For instance, if a language defines a double type, a new adouble type can be defined to operate on dual numbers overloading all fundamental operations (if the language allows operator overloading, like C++). Conceptually equivalent, but practically different procedures are also possible. Some library rely on source-to-source transformation, i.e., it reads a given source file, analyzes and transforms it automatically writing a new source file (this can be done also with languages not allowing operator overloading, like C). Yet another approach is to write a programming language with autodiff primitives (being acquainted with some Lisp dialect can ease this task).

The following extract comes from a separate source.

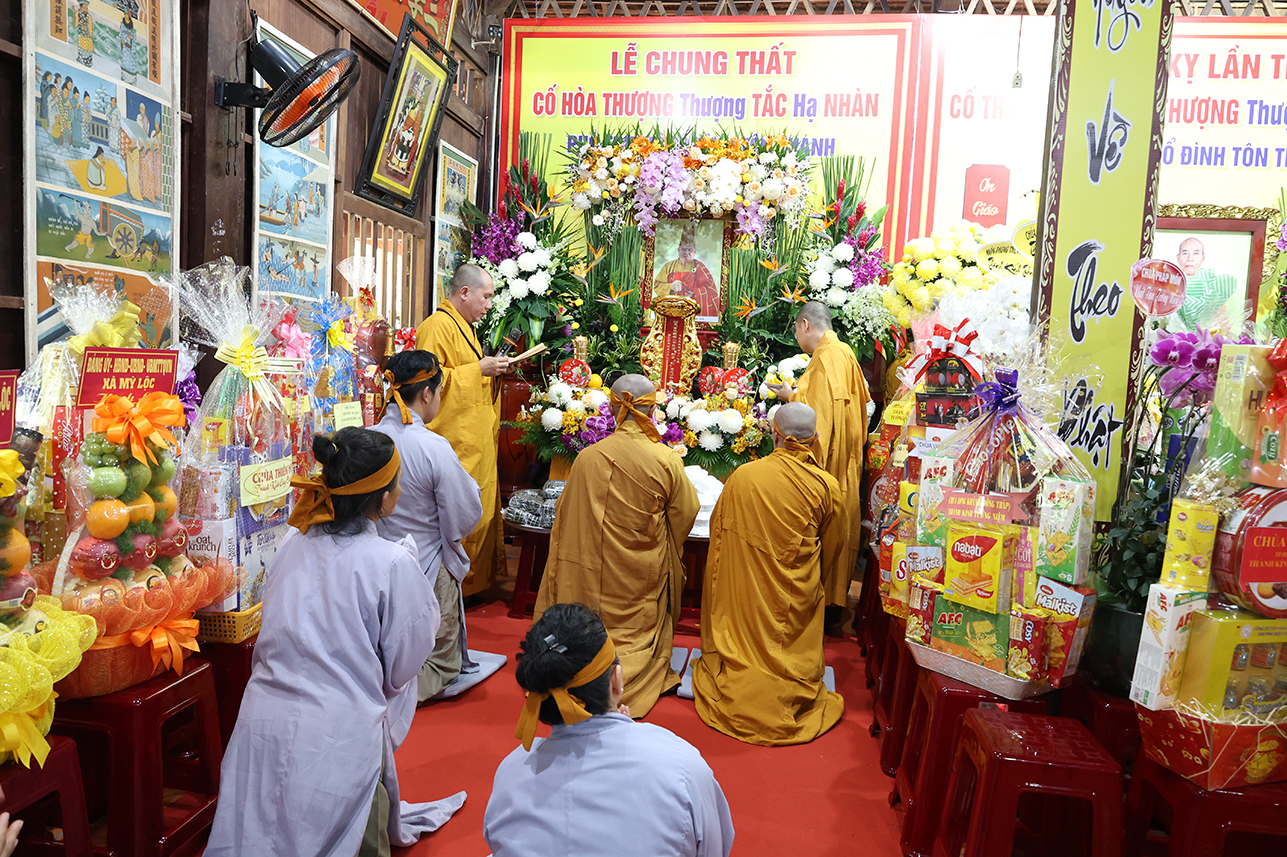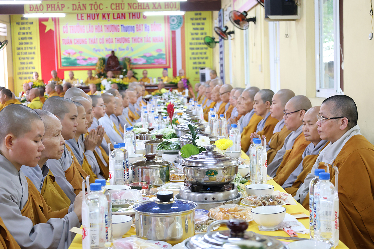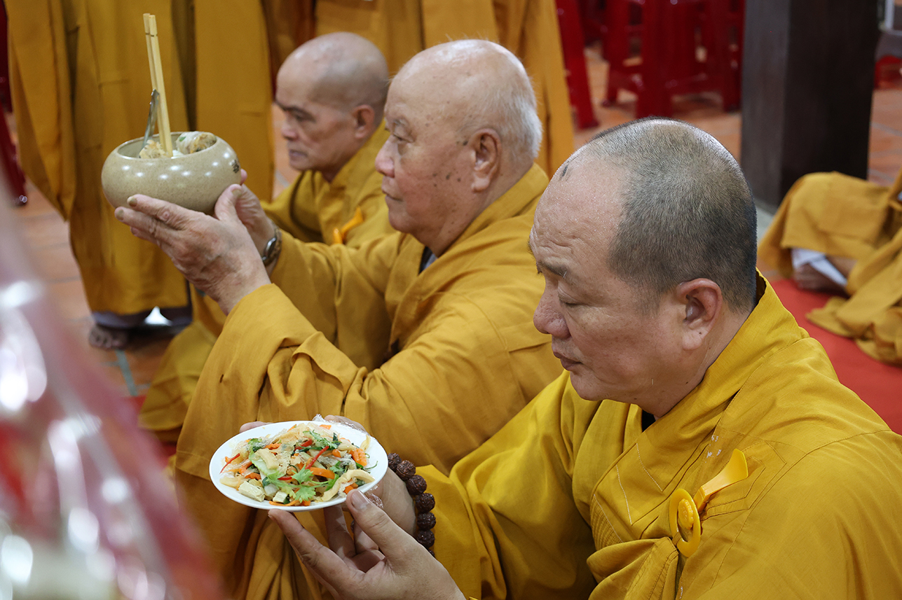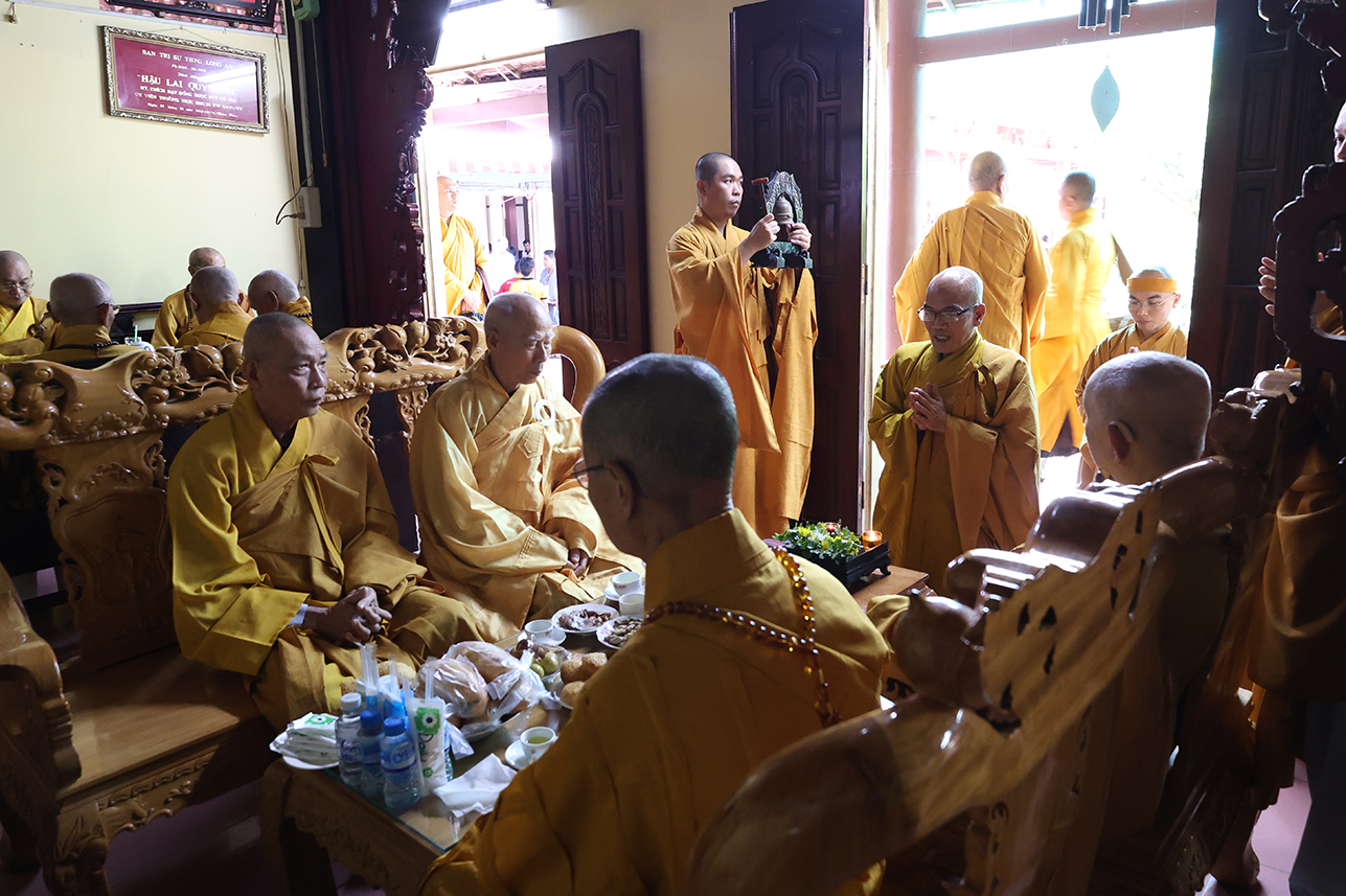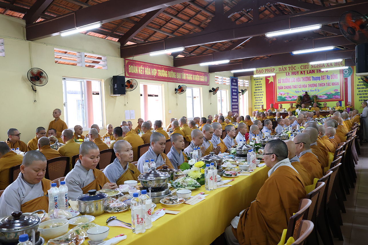 Nghi thức tưởng niệm hoàn mãn, Ban cung nghinh cung thỉnh chư Tôn đức Tăng Ni thân lâm trai đường. Tại đây, trong sự chứng minh của chư Tôn đức, Đại đức Tắc Hòa dâng lời tác bạch cúng dường.

It is easy to generalize the method to higher-order derivatives, and to functions f: Rn → Rm. However, while the procedure described above is efficient if n ≥ m, in the case n < m a different approach called reverse-mode automatic differentiation is most suited.
Implementing automatic differentiation is rather involved and faces subtle issues (for instance, perturbation confusion), so it is preferable to rely on existing libraries rather than implementing it from scratch. Of course, the algorithm complexity depends on the specific programming language.
Given a programming language with powerful enough abstraction, relatively simple implementations allow impressive results. This is the case for Lisp dialects. (See scmutils, implemented in Scheme and described in the notation appendix of Structure and Interpretation of Classical Mechanics; note that scmutils also implements symbolic differentiation, not to be confused.)
Most commonly used, but less powerful languages (e.g., C/C++) require significantly more intricated design patterns. Several libraries are available. E.g., ADOL-C allows arbitrary differentiation order using operator over-loading in C++, both for forward and reverse modes. However, its usage requires to write C/C++ code in a peculiar form (recording operation on a so-called tape structure) that assumes a good understanding of the underlying implementation (the documentation is clear, but has a rather steep learning curve). Furthermore, all operators and function must be defined in terms of dual numbers. External functions need to be registered first and, while this is a welcome feature of the library, it is difficult to use. The alternative is to re-implement a function from scratch, that can be easy (e.g., a power operator) or cumbersome (e.g., a Bessel function). Other libraries like ADEPT are easier to use and have a friendly documentation, but are limited to first derivatives. More libraries for different programming languages are listed at autodiff.org.
Automatic differentiation solves all the main issues related to finite differences and symbolic differentiation. The usage problems outlined above are more related to autodiff not being widely used, rather than with intrinsic limitations of the algorithm. (And to the lack of abstraction in specific languages, but this is a fundamental problem not specific to autodiff.) Fortunately, advances in machine learning and AI are bringing deserved attention to it.
One powerful and user-friendly implementation is available (unsurprisingly) in Python. Autograd computes arbitrary order reverse-mode autodiff with a simple and intuitive interface. Registering external functions is fairly easy, and several Numpy and Scipy functions are already available anyway.